10月29日(土)肉体というより魂の創造について

 

 人を人というとき、肉体ばかりでなくその意識もセットとして想定される。
 先ほどのレビューで死者から生者を創造するフランケンシュタインについて書いた。
 映画ではヴィクター・フランケンシュタインが生命活動を始めた死体の継ぎ合わせである怪物の目を初めてみたとき、そこに人間的な知性の光が宿っていないことに気がついて、「失敗」だと言う。
 それから激しい戦闘をして、怪物を殺害することになるのだが、

よくよく考えれば生命を死体から作ることと、

そこに人間の意識が宿ることはどう考えても別だ。
 ちょっと深く考えれば当たり前の「このこと」は意外に忘れられがちで、

死体が動き始めてから、その動く肉体(ゾンビと言ってもいい。

最近はゾンビが人間並の人格を維持して、恋愛するものもあるけれど)がやっと、

求めていた愛する人間でないと気付くというシーンがフィクションではよくある。


 つまり肉体が動くという最低限のレベルは達成できたとしても、

それを人間らしく作動させたり、その人らしいふるまいというのは魂との連動になり、そちらの再生までは無理だったということだ。

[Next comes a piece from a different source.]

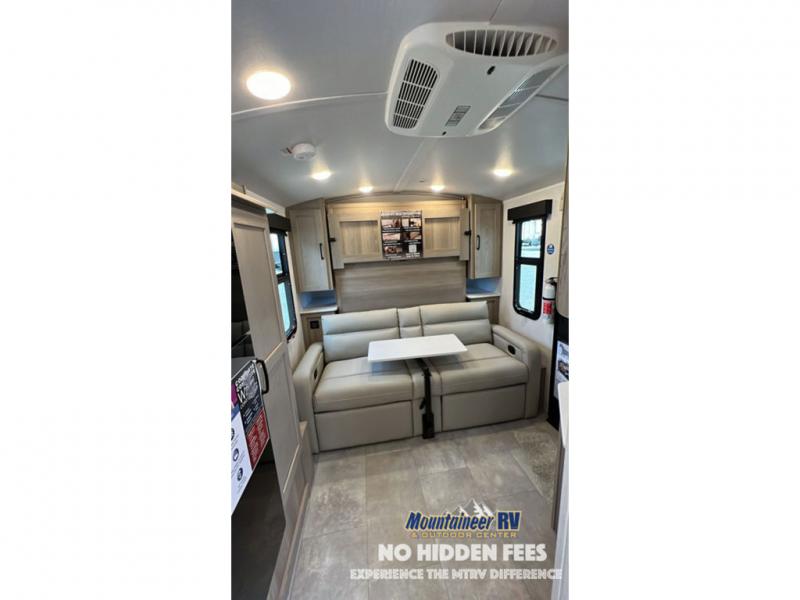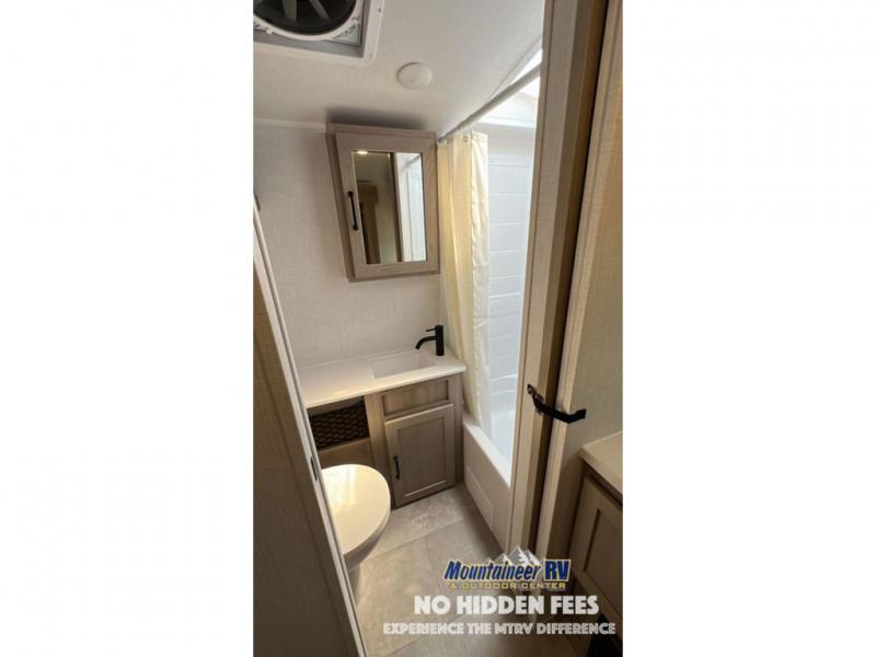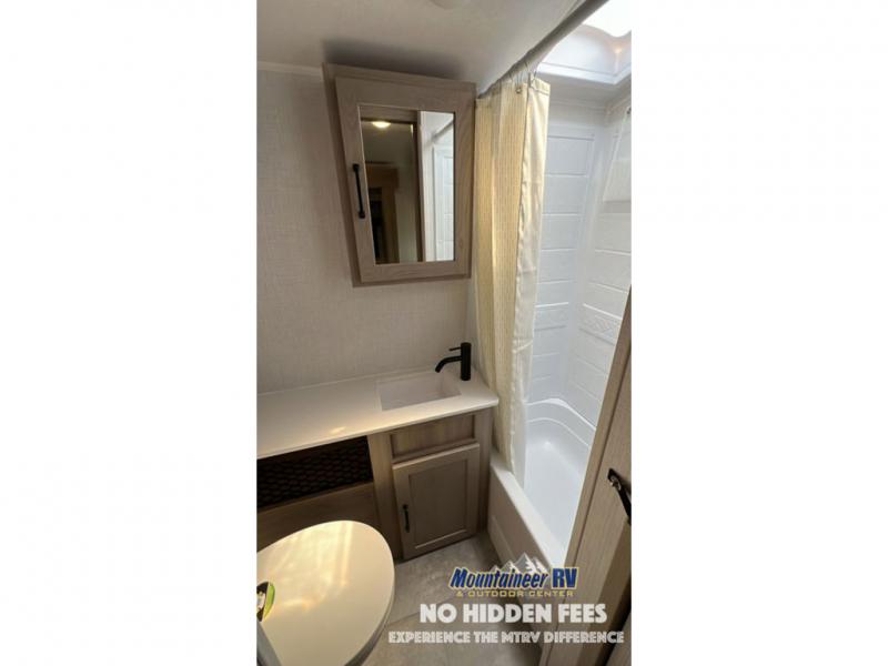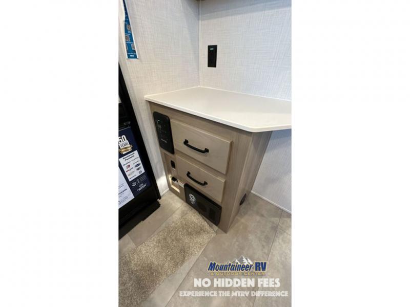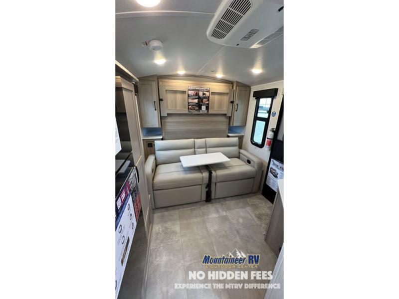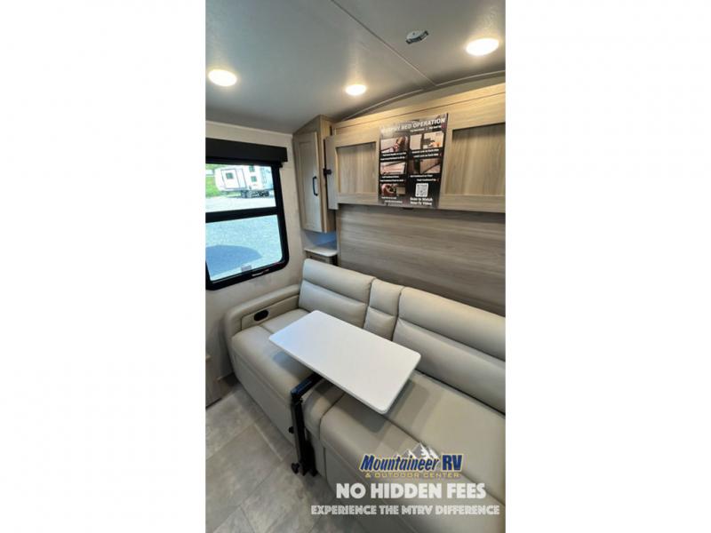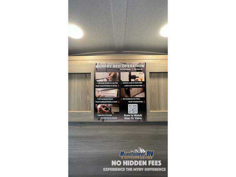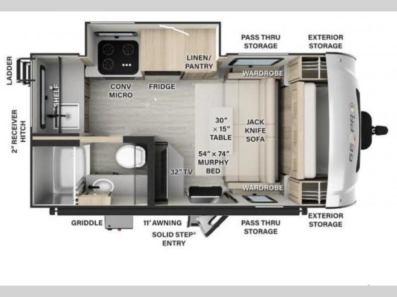 Pack your bags and head to your local state park in this travel trailer! You will love the extra space you have thanks to the kitchen slide out, and the jack knife sofa can fold away at night so you can sleep on the Murphy bed! This model includes a 32" 12V TV to keep you entertained on those rainy days, and the full bath will let you get cleaned up if you decide to hike despite the weather. There will be plenty of storage space for your belongings and gear since there is a pass-through storage and additional exterior storage, and don't overlook the exterior griddle for breakfast outdoors!

 この手の片手落ちの例は古いところで、スティーブン・キングの「ペットセメタリー」がある。
 なんとももの悲しい話で、

主人公が次々に家族を失い禁断の墓場に死体を埋めに行くのだが、

その墓から蘇った家族やペットは性格が凶暴になり、

生き残った家族に襲いかかるというものだ。
 また、ちょっと昔だとアニメ化されたマンガ「鋼の錬金術師」では

主人公のエドと弟のアルが魔法陣に肉体の構成物をおいて、

人体錬成というこれまた禁断の術を使って死んだ母親を創造しようする。

しかし結果、無惨な肉塊が出来上がってしまい、彼らはそれぞれ肉体の一部、

もしくはすべてを失ってしまう。

そしてそして、最近は、どうだろう。


 今、私が企画中の物語も死者の蘇りをテーマにしているが、

これらのフィクションの歴史をふまえてもどう考えても

蘇るためには最低限二つのもの必要だ。


 それは肉体と魂だ。
 ちょっと昔のフィクションに描かれている科学者はひたすら人を

作ろうとして肉体の蘇生のみに熱中してきたが、

本当は人が人になるためには意識であり、心であり、

精神であるところの魂が必要になる。


 で、魂はどこにあるのかという話は置いておくにしても、

肉体そっちのけで魂というか心に似た機能をつくるとしたら、

それはAIになるかもしれない、と思ったりする。
 独断と偏見とただの印象なんだけれど、

私は生命というのは一回限りのものだろうな、と思っている。
 その人や動物でもいいけれど、その人(動物)らしさ、

というのは肉体と肉体を動かすもって生まれた嗜好というか価値観が連動していて、

それが肉体の外の環境から日々影響を受けて、

その人のアクションをとる。
 そうなると、その人らしい生き様というのは生まれてから

死ぬまでの連綿と続くけれど、完全に有限な時の中でしか再現できないもので、

それは二度と代替できるものではないのでは、と思うのだ。


 ときに、あったらいいなというのは死んだ親しい人が

いたらこう発言するだろうな、というようなシムだが、

これこそ上記の理由で難しいんだろうな、と思われる。
 人格というのは肉体と心がセットである上に、

外界との接触で日々更新されていくものだとすると、

死んだ時点ですべてが消滅してしまうし、

たとえばデジタルデータとして再現できたとして、

この日々アップデートが激しい世の中で死んで一ヶ月もすればすでに過去の人となりかねない。
 であるならば、死んだと同時に生者の世界になんらかの方法で接続し続けねばならない。


 ひとごとだが、死んでからも仮想人格として延命され、

生き続けて日々、データの海にさらされ続ける彼らにお疲れさまだ。


 そういうわけで、もし死者が生き続けることになったら、大変だろうし、

死ぬことである意味、残された人々は自分で決断し、

考えていくんだろうな、とかっこいいことを考えてしまうわけだ。


 ま、それじゃつまらないので、性懲りもなく死者を蘇らせるストーリーを企画中なのだが。